Ah if you mean what the spec of EUC JP said, then there is apparently no single standard, but one of the more referenced document from UI-OSF 日本語環境実装規約 from UI-OSF Japanese Localization Group in 1993 say it is necessary to support either "ISO 646 IRV (ASCII)" OR "JIS X 0201 Romaji 7 bit symbol". At the code point, ASCII is reverse solidus, while JIS X 0201 is Yen symbol.
It seems that we have two ways forward towards interoperability here:
Question to the CSSWG is which way we want to move forward.
The CSS Working Group just discussed Backslash and Yen
.
For future reference, this was the bug #305827 in which Blink removed the previous mechanism, which was not text-transform based.
@emilio and @drott did you ever complete your investigation? Would be good to have an update here.
@annevk, I see from the minutes action items:
ACTION drott to investigate for Chrome ACTION emilio to investigate for Firefox
But I have trouble extracting exactly what were supposed to investigate. I dug out the removed heuristic: https://chromium.googlesource.com/chromium/src/+/2b4002d072669ff145b0afc1a47272503e3d7879%5E%21/#:~:text=%2DFontTranscoder%3A%3AConverterType-,FontTranscoder%3A%3AconverterType,-(const%20FontDescription%26%20fontDescription
And as much as I understand from this 10 year old change: We did seem to modify an internal buffer, different from what we do for text-transform
, but did some extra logic for clipboard handling so that we would not copy out modified strings, but original strings.
The logic we used was: do this for a list of specified fonts, and if no primary font is specified at all.
@annevk - were you curious about anything else?
Looking at the code, I am not very comfortable adding something like this back in - especially the part about keeping a modified representation of the source text internally and having to special case clipboard operations.
In WebKit we have a bunch of code to replace the U+005C REVERSE SOLIDUS (commonly knows as "backslash") character with U+00A5 YEN SIGN, using the same mechanism as
text-transform
uses. We do this in certain conditions:We appear to be the only browser on Mac that does this. On Windows, browsers don't appear to do this, because those fonts have glyphs for the U+005C character that look like the yen sign. It appears to be implemented in the fonts themselves, so the browsers don't appear to do anything on Windows.
Some background reading:
There appear to be two similar yet distinct problems:
These two problems sort of cancel each other out - if a text decoder turns the yen sign into the wrong in-memory character, but then a font is used which renders that character like a yen sign, the user gets what they expect. (Copy/paste doesn't work, a11y doesn't work, and find-in-page (probably) doesn't work, though.)
The reason WebKit has this special handling is because those fonts listed above don't exist on the Mac. If an author is writing their page on Windows, and they are typing their source code and want to type the yen sign, they might type the backslash character, and page would appear to work on Windows. Then, when someone else visits the page on a Mac, font fallback occurs, we use a different font to render the content, and their character shows up as a backslash, which isn't what they wanted. So, we "fixed this" by just magically turning the backslash into a yen sign in-memory, because we're trying to be helpful.
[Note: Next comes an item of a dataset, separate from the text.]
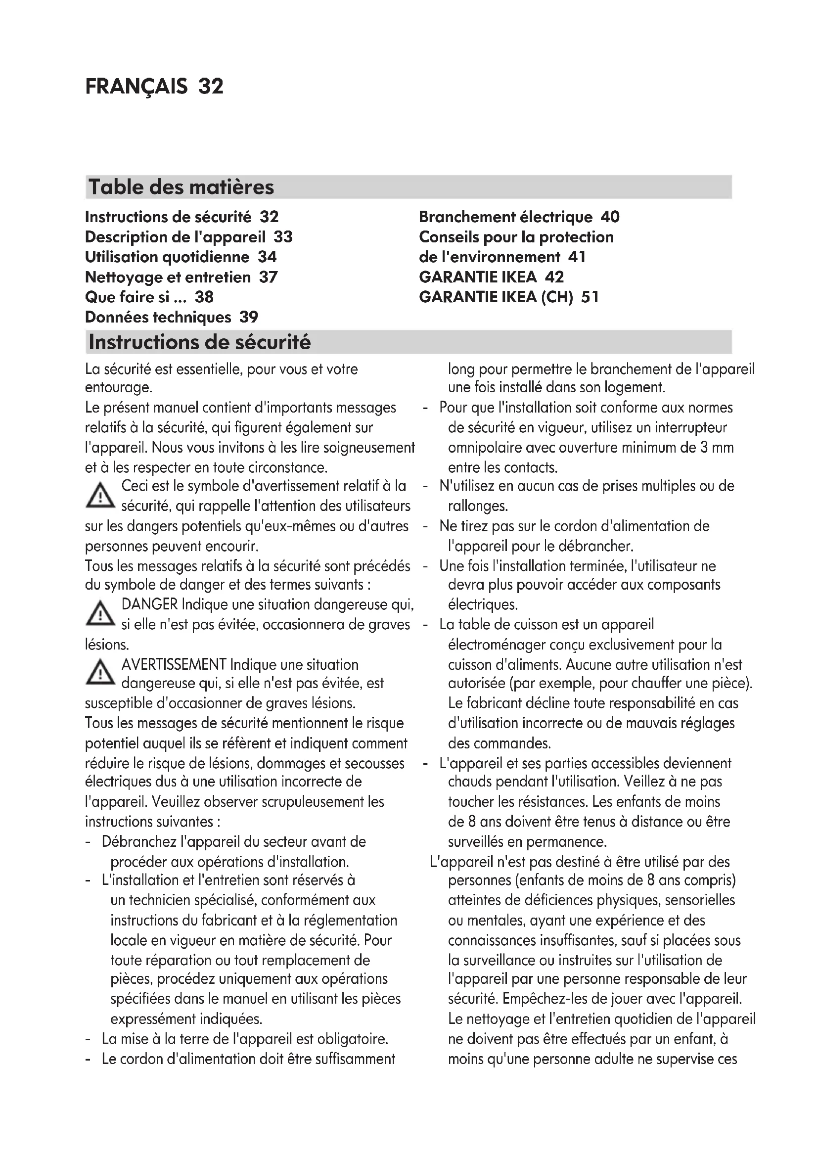 - Wenn Sie Fragen zu den Funktionen Ihres IKEA-Gerätes haben. Um Ihnen möglichst schnell und kompetent weiterhelfen zu können, bitten wir Sie, vorher die Montage und Gebrauchsanweisung Ihres Gerätes genauestens durchzulesen. So erreichen Sie unseren Service Gehen Sie dazu auf die letzte Seite dieser Broschüre. Dort nden Sie eine Übersicht mit den entsprechenden Telefonnummern und Kontaktdaten unserer autorisierten Kundendienste.DEUTSCH 31 Damit wir Ihnen im Falle einer Störung jederzeit schnell und kompetent helfen können, bitten wir Sie, sich an die in diesem Handbuch angegebene Service-Rufnummer zu wenden. Halten Sie dazu bitte die (8-stellige) IKEA Artikelnummer und die 12-stellige Servicenummer (auf dem Geräte-Typschild vermerkt) Ihres IKEA Gerätes bereit. KAUF-/AUSLIEFERUNGSBELEG AUF! Unser Service kann einen Garantieanspruch nur unter Vorlage dieses Beleges akzeptieren. Auf dem Beleg sind auch die Bezeichnung und (8-stellige) IKEA Artikelnummer des von Ihnen erworbenen Geräts vermerkt. Benötigen Sie weiteren Rat und Unterstützung? Bei allen anderen, nicht kundendienstspezischen Fragen bitten wir Sie, sich an den Kundenservice im nächstgelegenen IKEA-Einrichtungshaus zu wenden. Wir empfehlen Ihnen, vorher die dem Gerät beigefügten Unterlagen genauestens durchzulesen.FRANÇAIS 32 La sécurité est essentielle, pour vous et votre entourage. Le présent manuel contient d'importants messages relatifs à la sécurité, qui gurent également sur l'appareil. Nous vous invitons à les lire soigneusement et à les respecter en toute circonstance. Ceci est le symbole d'avertissement relatif à la sécurité, qui rappelle l'attention des utilisateurs sur les dangers potentiels qu'eux-mêmes ou d'autres personnes peuvent encourir. Tous les messages relatifs à la sécurité sont précédés du symbole de danger et des termes suivants : DANGER Indique une situation dangereuse qui, si elle n'est pas évitée, occasionnera de graves lésions. AVERTISSEMENT Indique une situation dangereuse qui, si elle n'est pas évitée, est susceptible d'occasionner de graves lésions. Tous les messages de sécurité mentionnent le risque potentiel auquel ils se réfèrent et indiquent comment réduire le risque de lésions, dommages et secousses électriques dus à une utilisation incorrecte de l'appareil. Veuillez observer scrupuleusement les instructions suivantes : - Débranchez l'appareil du secteur avant de procéder aux opérations d'installation. - L'installation et l'entretien sont réservés à un technicien spécialisé, conformément aux instructions du fabricant et à la réglementation locale en vigueur en matière de sécurité. Pour toute réparation ou tout remplacement de pièces, procédez uniquement aux opérations spéciées dans le manuel en utilisant les pièces expressément indiquées. - La mise à la terre de l'appareil est obligatoire. - Le cordon d'alimentation doit être sufsamment long pour permettre le branchement de l'appareil une fois installé dans son logement. - Pour que l'installation soit conforme aux normes de sécurité en vigueur, utilisez un interrupteur omnipolaire avec ouverture minimum de 3 mm entre les contacts. - N'utilisez en aucun cas de prises multiples ou de rallonges. - Ne tirez pas sur le cordon d'alimentation de l'appareil pour le débrancher. - Une fois l'installation terminée, l'utilisateur ne devra plus pouvoir accéder aux composants électriques. - La table de cuisson est un appareil électroménager conçu exclusivement pour la cuisson d'aliments. Aucune autre utilisation n'est autorisée (par exemple, pour chauffer une pièce). Le fabricant décline toute responsabilité en cas d'utilisation incorrecte ou de mauvais réglages des commandes. - L'appareil et ses parties accessibles deviennent chauds pendant l'utilisation. Veillez à ne pas toucher les résistances. Les enfants de moins de 8 ans doivent être tenus à distance ou être surveillés en permanence. L'appareil n'est pas destiné à être utilisé par des personnes (enfants de moins de 8 ans compris) atteintes de déciences physiques, sensorielles ou mentales, ayant une expérience et des connaissances insufsantes, sauf si placées sous la surveillance ou instruites sur l'utilisation de l'appareil par une personne responsable de leur sécurité. Empêchez-les de jouer avec l'appareil. Le nettoyage et l'entretien quotidien de l'appareil ne doivent pas être effectués par un enfant, à moins qu'une personne adulte ne supervise ces Instructions de sécurité Table des matières Instructions de sécurité 32 Description de l'appareil 33 Utilisation quotidienne 34 Nettoyage et entretien 37 Que faire si ... 38 Données techniques 39 Branchement électrique 40 Conseils pour la protection de l'environnement 41 GARANTIE IKEA 42

We (the web platform) should determine what to do here. WebKit appears to be the only browser which tries to be helpful like this. We added this handling before 2007, way before the Blink fork, and Blink no longer seems to have this behavior, so presumably they intentionally deleted it.
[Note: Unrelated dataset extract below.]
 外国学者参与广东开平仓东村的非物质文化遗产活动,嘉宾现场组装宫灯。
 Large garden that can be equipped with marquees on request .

Should other browsers try to be helpful like WebKit? Should WebKit try to stop being helpful? Should we ask Microsoft to change these glyphs in their fonts? Maybe the problem has mostly alleviated itself in the at-least 14 years since it was investigated last, and WebKit can just delete its special handling?
(This issue might belong better in different standards groups, but I don't know which ones, so I'm starting it here and I can migrate it as necessary.)